[Resolved] Securing Wireless with Passwords

I have the Router GUI open as I type and from

Network/Wireless/Wireless Overview/Edit and next to:

Wireless Network: Master "OpenWrt" (wlan0) and Device Configuration -- Interface Configuration Wireless Security

I see 8 different encryption possibilities.

Forgive me, I'm not a network guy and would like to know which of these can I use that will allow me to use the wireless "key" or "passphrase" that came with the stock router. Or, if that isn't possible then the encryption that allows alphabet (Latin or English) and numbers.

The most likely case is that they also used "WPA-PSK/WPA2-PSK Mixed mode", leave cypher to "auto" and type your key in the box below.
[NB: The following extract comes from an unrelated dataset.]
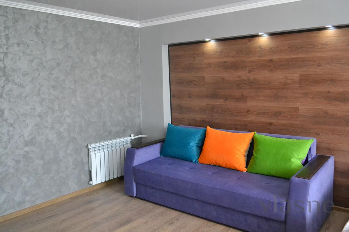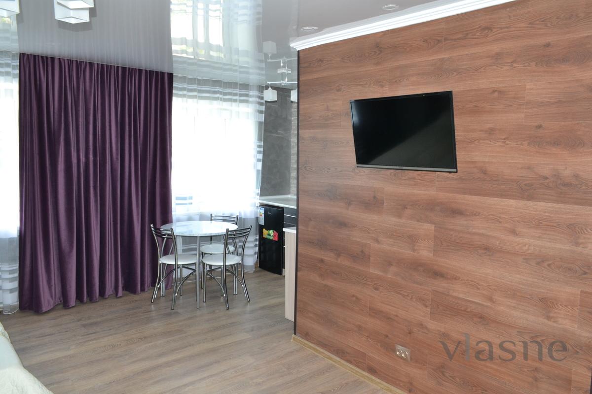 Хай-Тек студия в центре (р-н Боулинга- Юбилейного магазина) после ремонта. Фото 100%. Чистая, уютная со всеми удобствами: большая мягкая 2х спальная кровать, раскладной диван, свежее постельное бельё, Smart-tv, Wi-Fi, вся бытовая техника, кабельное ТВ, титан. Полностью укомплектованные кухня и ванна.

It should work.

By the way, 8 ???
I only see 5, including "none". (v.18.06.4)

As follows:

No Encryption
WEP Open System
WEP Shared Key

OK, "UNCLE". I give. I want to use only numbers. I can use WPA2-PSK ???

SO, I gulped, chose WPA2-PSK and added some encryption below and APPLIED and SAVED and it's working (for now). Thank you Community.

1 Like

Force CCMP (AES)
Enable key reinstallation

I don't know what Force CCMP (AES) is or the Enable key ...

I thank you for your help, but I need a non computer non network engineer solution.
I want the most basic, practical information. Not complexity.

Such as:

Select WPA2-PSK and use any character from 8 to 64 charcers. You can use, letters, numbers and symbols.

Nothing about UTF-8 or ASCII or ANSI.

I guessed as much, which is why I gave the most suitable answer without bombarding you with surplus information.

But three options is too complex?

WPA2-PSK is the strongest password-based encryption among those choices. Use any character from 8 to 64 charcers. You can use, letters, numbers and symbols.

Force CCMP (AES) is the strongest cipher available among those choices. It's harder to break than TKIP.

Enable key reinstallation addresses a weakness in WPA and WPA2. WPA and WPA2 have a fundamental flaw in them, and this provides a workaround.

Set those three as indicated and you'll have the strongest password-based wireless encryption currently available on that firmware. It's not perfect, but someone would have to put in a lot of effort to break it.